8 Tidying dataframes using Package `tidyr`

This chapter explores the package tidyr which is part of the tidyverse set of packages.

This package is an essential tool collection in the process of organizing you data in a tidy way.

A dataset is considered tidy when it is formed according to these rules:

Each variable has its own column.
Each observation has its own row.
Each value has its own cell.

Why do we want tidy data?

Because the entire tidyverse works with tidy data, especially the ggplot2 package.
Pivoting data is also often used to make specific data representations for other purposes.
Finally: we often receive “dirty” data that needs to be processed in order to be able to carry out our analyses.

Here is an example dataset, downloaded from the WHO website here Note: the original data was exported from Excel to csv, and a text editor was used to replace single quote occurrences (“’”) with an underscore. Otherwise, data will be corrupted.

The data concerns disease occurrences for two diseases: measles and rubella (“rode hond” in Dutch). Suppose I would like to analyse distribution and timeline of these two diseases, in relation to each other. There are two problems here: 1. The data needs to be clean 2. The data needs to be combined from two files into one dataframe.

Let’s start with the first: measles. Here is part of the measles data. It is not tidy. Why not?
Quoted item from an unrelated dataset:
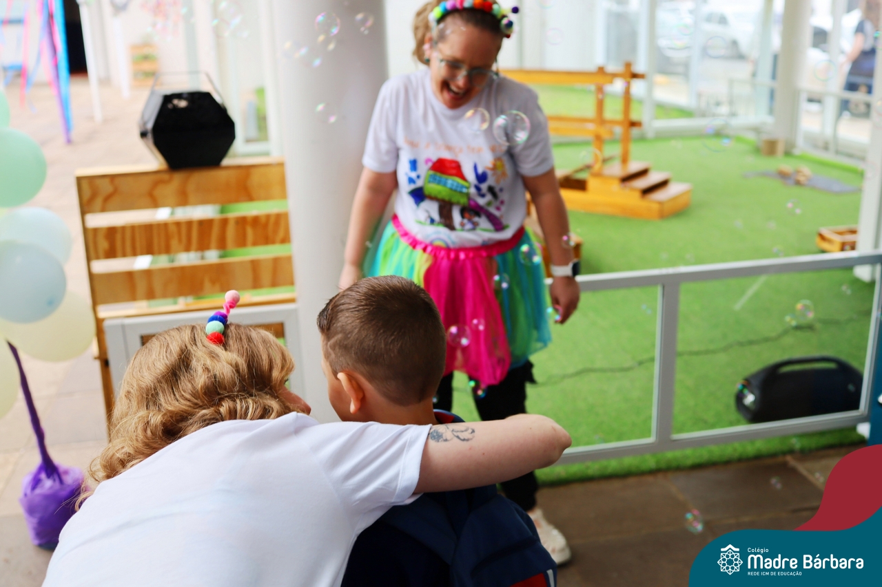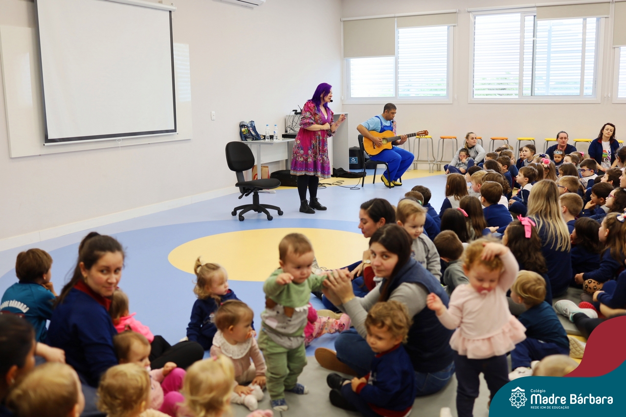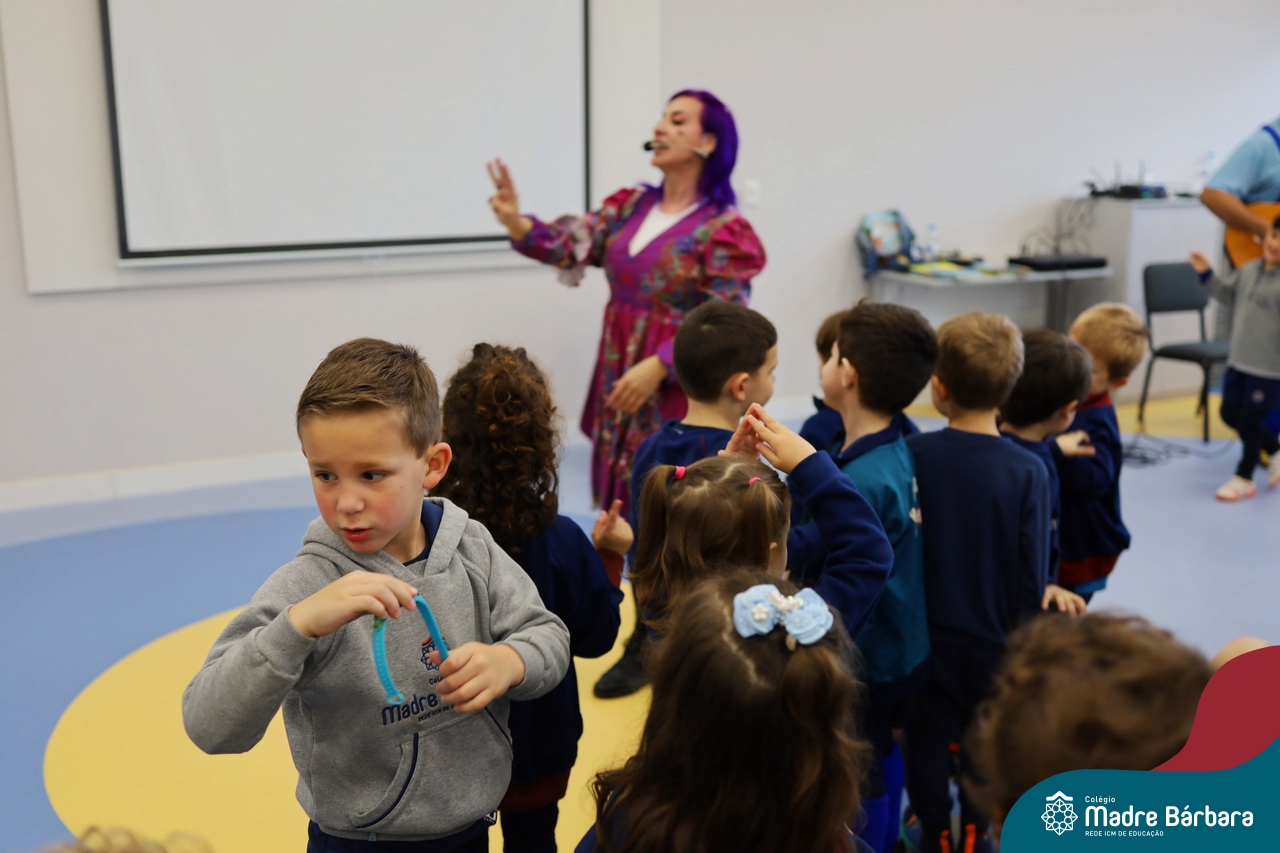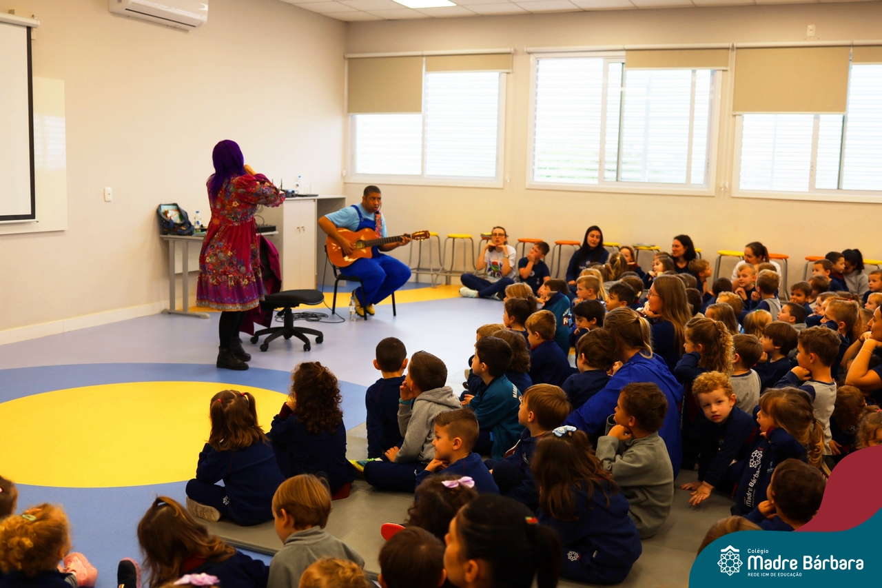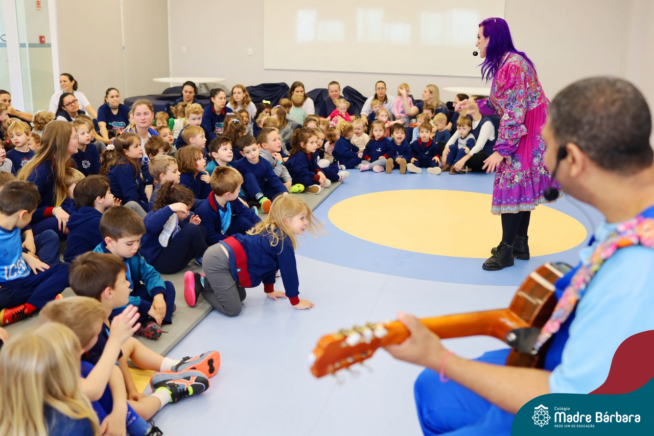 Outubro chegou trazendo magia e encantamento para as crianças da Educação Infantil! Nesta quarta-feira, dia 01.10, o Colégio Madre Bárbara – Rede ICM deu início à programação especial do Mês da Criança com uma convidada muito querida: a escritora Léia Cassol.

Table 8.1: Why is this not a tidy dataset?
Region	ISO3	Country	Year	January	February	March
AFR	AGO	Angola	2011	17	19	37
AFR	AGO	Angola	2012	373	289	381
AFR	AGO	Angola	2013	725	646	734
AFR	AGO	Angola	2014	1161	1101	1319
AFR	AGO	Angola	2015	4	15	0
AFR	AGO	Angola	2016	3	2	0
AFR	AGO	Angola	2017	1	7	2
AFR	AGO	Angola	2018	3	5	8
AFR	AGO	Angola	2019	120	94	281
AFR	BDI	Burundi	2011	6	2	8
AFR	BDI	Burundi	2012	4	3	10
AFR	BDI	Burundi	2013	0	0	0
AFR	BDI	Burundi	2014	0	0	0
AFR	BDI	Burundi	2015	0	0	2
AFR	BDI	Burundi	2016	0	0	0

The monthly counts are in separate columns. However, they are really all the same variable: measles cases. So this data needs to be tidied: There should be only one column called “cases” and another column called “month”. Or maybe even a single column “Date”? Because year and month are actually elements of a single unit of course. We’ll leave that for a later chapter.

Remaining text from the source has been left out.